# Points calculator sections explained



## pr2b (Jul 24, 2013)

I have tried the points calculator and have found myself in some confusion. I want to clarify things section wise so that I may know that I am doing it correct.

My first question is about the first section "Skilled Employment".

What does it mean when it says, Is your work, or offer of employment, in NZ 
Skill Shortage or Future Growth Area"?

If I am working in Skill Shortage or Future Growth Area, but outside NZ, can I claim the points. 

Or simply put, I have done nothing in NZ, no education, job, or even an offer, can we say yes to any of the questions in the first section. It appears to be so but I want to make sure.


----------



## escapedtonz (Apr 6, 2012)

pr2b said:


> I have tried the points calculator and have found myself in some confusion. I want to clarify things section wise so that I may know that I am doing it correct.
> 
> My first question is about the first section "Skilled Employment".
> 
> ...


Simple answer is Yes you can.

It means .....
Is the work you are doing / have been doing in your own country in an area of absolute skill shortage or future growth area.

OR 

Is the offer of employment you have secured from an NZ employer in an area of absolute skill shortage or future growth area.

example - if you are an electrical engineer in your home country you can obviously claim you have the experience of working in an area of absolute skilled shortage so long as you also satisfy the academic component off the Long Term Skill Shortage List.
Doesn't matter that you have done nothing in NZ.

Clear as mud ;-)


----------



## shammy (May 30, 2013)

Now, I have been given the exact opposite advice - I went to an emigration expo a couple of weeks ago and asked the people from immigration New Zealand and they said the first section relates only to a job / offer in New Zealand. Points are claimed elsewhere for experience in other countries, so I don't think you can claim them. Confusing, huh?


----------



## escapedtonz (Apr 6, 2012)

shammy said:


> Now, I have been given the exact opposite advice - I went to an emigration expo a couple of weeks ago and asked the people from immigration New Zealand and they said the first section relates only to a job / offer in New Zealand. Points are claimed elsewhere for experience in other countries, so I don't think you can claim them. Confusing, huh?

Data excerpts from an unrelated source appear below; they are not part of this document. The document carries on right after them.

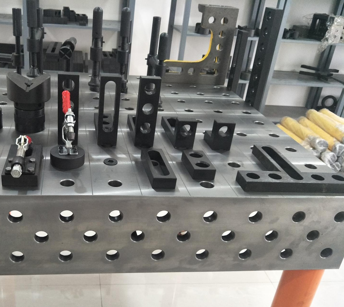 4、 重復(fù)性:三維柔性組合焊接工作臺(tái)的臺(tái)面有鑄鐵/鋼結(jié)構(gòu)件/加工件/模塊化組件組合而成,其性能非常穩(wěn)定,如使用不當(dāng)造成部件損壞時(shí),也不用報(bào)廢整張臺(tái),只要非常少的成本就可以 換單個(gè)部件。焊接平臺(tái)經(jīng)過(guò)加工處理,在焊接過(guò)程中,僅需低廉的防飛濺液即可免除工作臺(tái)表面的焊接飛濺。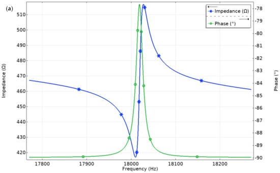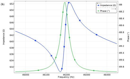 Impedance and phase characteristics in the frequency range of 17.76–18.29 kHz (a) and 45.96–46.46 kHz (b).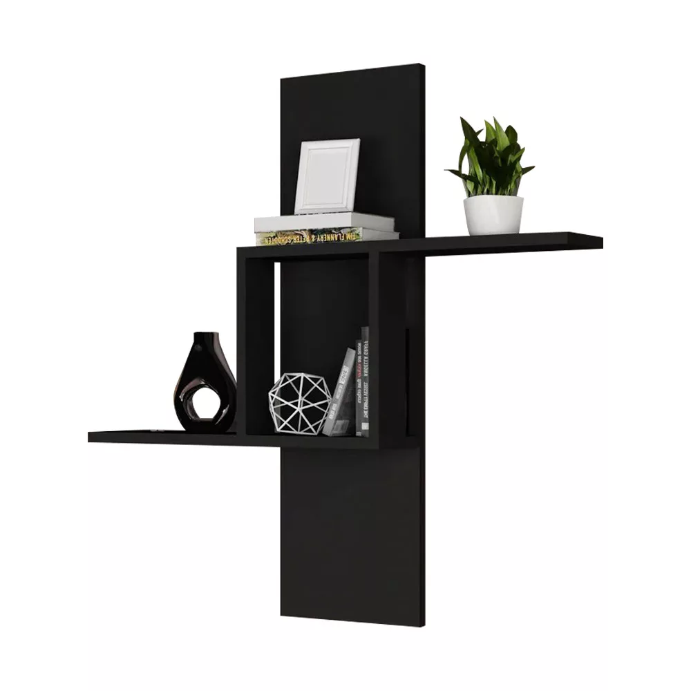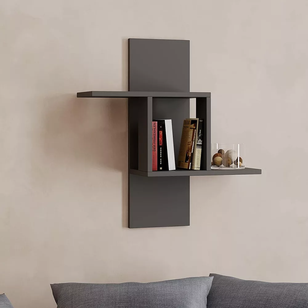Antracytowa półka ścienna zapewnia czysty, ale odważny wygląd. Jej geometryczny design wizualnie powiększa przestrzeń, jednocześnie oferując praktyczne opcje przechowywania.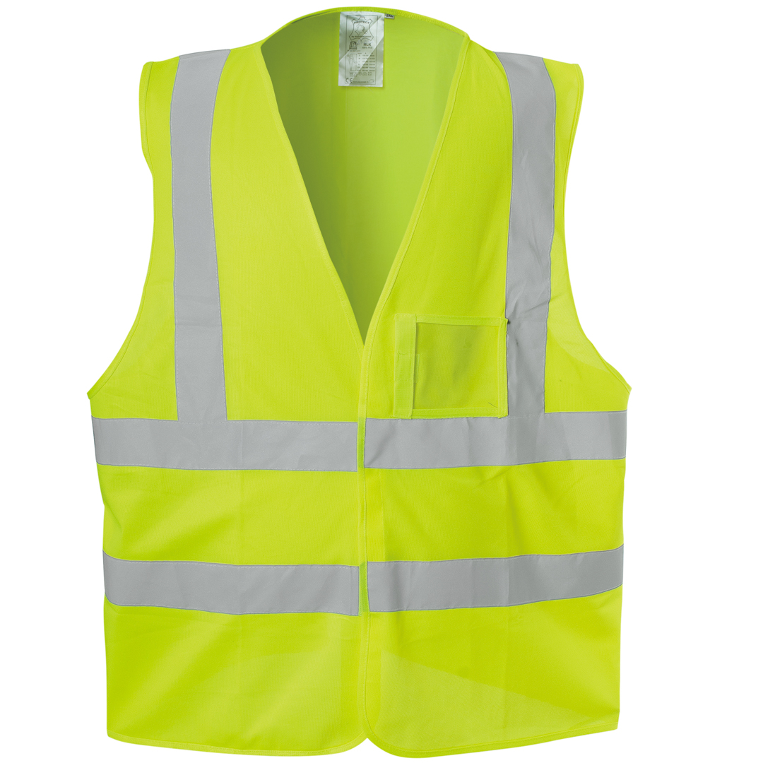 EN 20471 luokiteltu keltainen huomioliivi, luokka 2, kunnon pitkä kiinnitystarra edessä takaa liivin hyvän paikallaolon ja turvallisuuden, materiaalina 100% polyester. Henkilökorttitasku. EN 20471 lk 2. Koot: S-XXXL.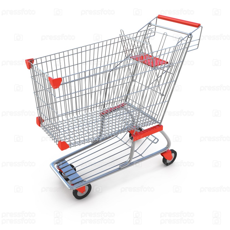 Пустая тележка для покупок на белом фоне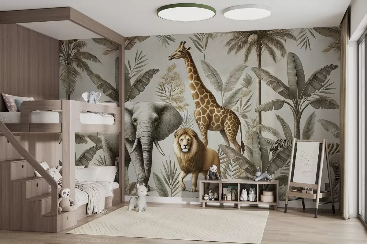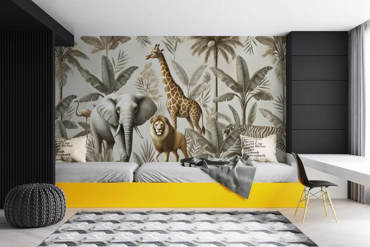 Fototapet Safari tapet pentru copii cu peisaj tropical și diverse animale în culori elegante Nr. w01956

Now I've checked the ops manual......always a good thing to have on hand

INZ Operational Manual Issue Date: 14/05/2013

I may well be wrong and the advice you have been given may well be right - it should be if it was given by Immigration NZ themselves!!!
It does appear that the "Skilled Employment" section only relates to New Zealand, however I'm sure I ticked yes for working in an area of absolute skilled shortage but in the UK ?
Seems so long ago I can't quite remember.

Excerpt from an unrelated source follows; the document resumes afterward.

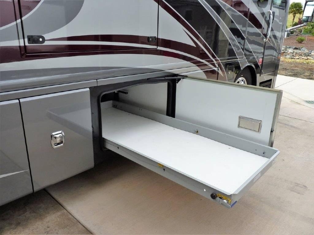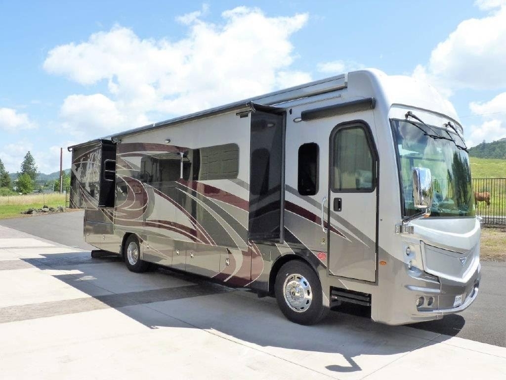 This Fleetwood is powered by a Cummins ISL9 engine and an Allison 6-speed automatic transmission with 9,000 miles. The overall length is 36.9 feet and it comes equipped with 4 power retractable slide-outs, 3 power retractable awnings (with built in lighting and remote), 3 A/C units, and plenty of room to sleep 6. This unit has been well-maintained.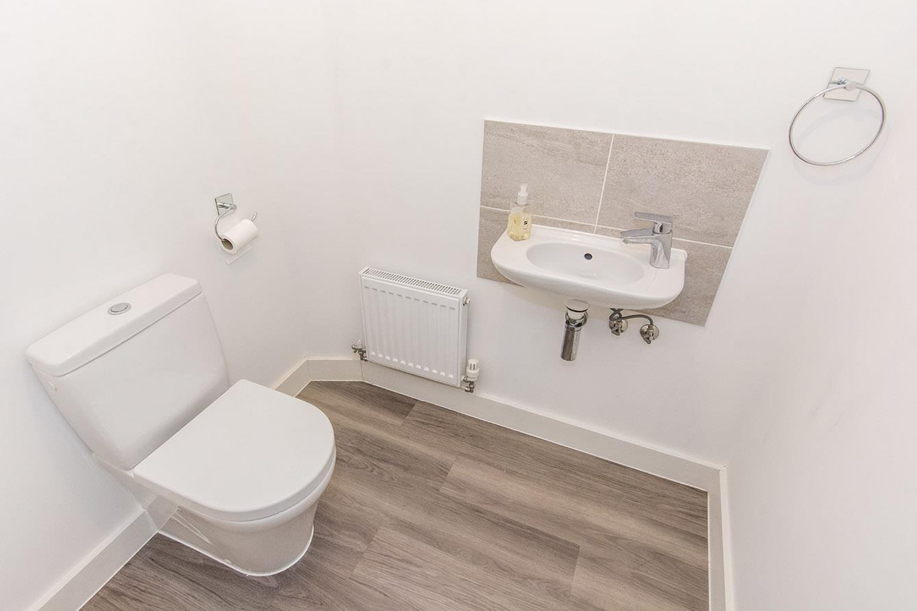 Cloakroom/Wc - Wash hand basin. Low level wc. Radiator. Wood effect laminate flooring. Extractor fan.

It also seems that the "Relevant Work Experience" part of the EOI is where you claim for experience outside of NZ.

I stand corrected....again!!!


----------



## pr2b (Jul 24, 2013)

escapedtonz said:


> Now I've checked the ops manual......always a good thing to have on hand
> 
> 
> I may well be wrong and the advice you have been given may well be right - it should be if it was given by Immigration NZ themselves!!!
> ...



Just to keep it clear for the new comers:

It means if someone has NOT studied, worked, or been offered a job in NZ then they can not claim any points in the first section.


----------



## pr2b (Jul 24, 2013)

Now lets go to the next section on the points calculator, which is "Qualifications"

My questions are 

1- If we have a higher level degree which was gained after completing the lower level degree, do we claim points for each or just the higher one?
An example is that I have a Bachelor degree (level 7) and then a Masters degree (level 9), so should I say Yes in both the questions or just say Yes in the question where it says "Do you have a recognised level 9 or 10 post-graduate qualification (Master's Degree or Doctorate)?"

- What is the purpose and meaning of the third question 
"Did you begin your study for level 3, 4, 5 or 6 recognised qualification on or before 24 July 2011?"

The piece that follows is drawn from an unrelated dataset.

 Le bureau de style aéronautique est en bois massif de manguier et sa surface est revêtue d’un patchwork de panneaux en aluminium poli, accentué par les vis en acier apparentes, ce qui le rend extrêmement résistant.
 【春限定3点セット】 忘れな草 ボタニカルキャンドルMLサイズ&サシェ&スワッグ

- If the qualification is related to both in Future Growth Area (FGA) and Absolute Skills Shortage (ASS), then we get 10 points for each or just 10 bonus points max? 
Example is that I am Software Engineer which falls under FGA and is also listed for ASS, would I be given 10 points or 20.

4- It appears that if we are not working or has the offer of employment from NZ then we can not claim points for the qualification related to FGA. Is this statement correct?

Example: I am a software engineer by profession and studying at the moment (NOT WORKING) but had worked for 4 years after finishing the level 7 bachelor degree in Computer Science. Would I be able to claim bonus points for FGA. The problem here is that we are not claiming the points for current employment or an offer of employment from NZ therefore we can not claim these points.


----------



## escapedtonz (Apr 6, 2012)

pr2b said:


> Now lets go to the next section on the points calculator, which is "Qualifications"
> 
> My questions are
> 
> ...


1. Just the higher one.

2. No idea the purpose of the question "Did you begin your study for level 3, 4, 5 or 6 recognised qualification on or before 24 July 2011?"
Have a look in the Ops Manual maybe.....
INZ Operational Manual Issue Date: 14/05/2013
Doesn't apply to you though since you are claiming for a qualification higher than these levels.

3. Doubt you'll get the 10 points for FGA as you can't satisfy the associated part in the Skilled Employment section.

4. Correct as far as I can tell.


----------



## pr2b (Jul 24, 2013)

escapedtonz said:


> 1. Just the higher one.
> 
> 2. No idea the purpose of the question "Did you begin your study for level 3, 4, 5 or 6 recognised qualification on or before 24 July 2011?"
> Have a look in the Ops Manual maybe.....
> ...


It appears that it does not matter if we tick the qualification relevant to both FGA and ASS OR we tick one. The points remain the same. So for my understanding if my qualification is relevant to ASS then it does not matter if it is relevant to FGA or not and whether or not I claim points for FGA. Please correct me if it is wrong as others may also see this while filling in their applications.


----------



## pr2b (Jul 24, 2013)

Now for the "Relevant Work Experience" section.

The third question here is again similar to what we had in Qualifications section

"Number of years work experience in any one of New Zealand's:"

- If we have work experience in the field that falls under FGA (for example Software Engineering falls under ICT) then does it have to be gained in NZ or it can be anywhere?

- Similarly if we had worked in a profession which is listed in ASS, does this experience has to be gained in NZ to claim the points?

- An associated point to be reconfirmed here is about the Comparable Labour Market and ASS, we tick Yes if we have worked in a profession listed as ASS but that was in a country which is not listed in the comparable markets list.


----------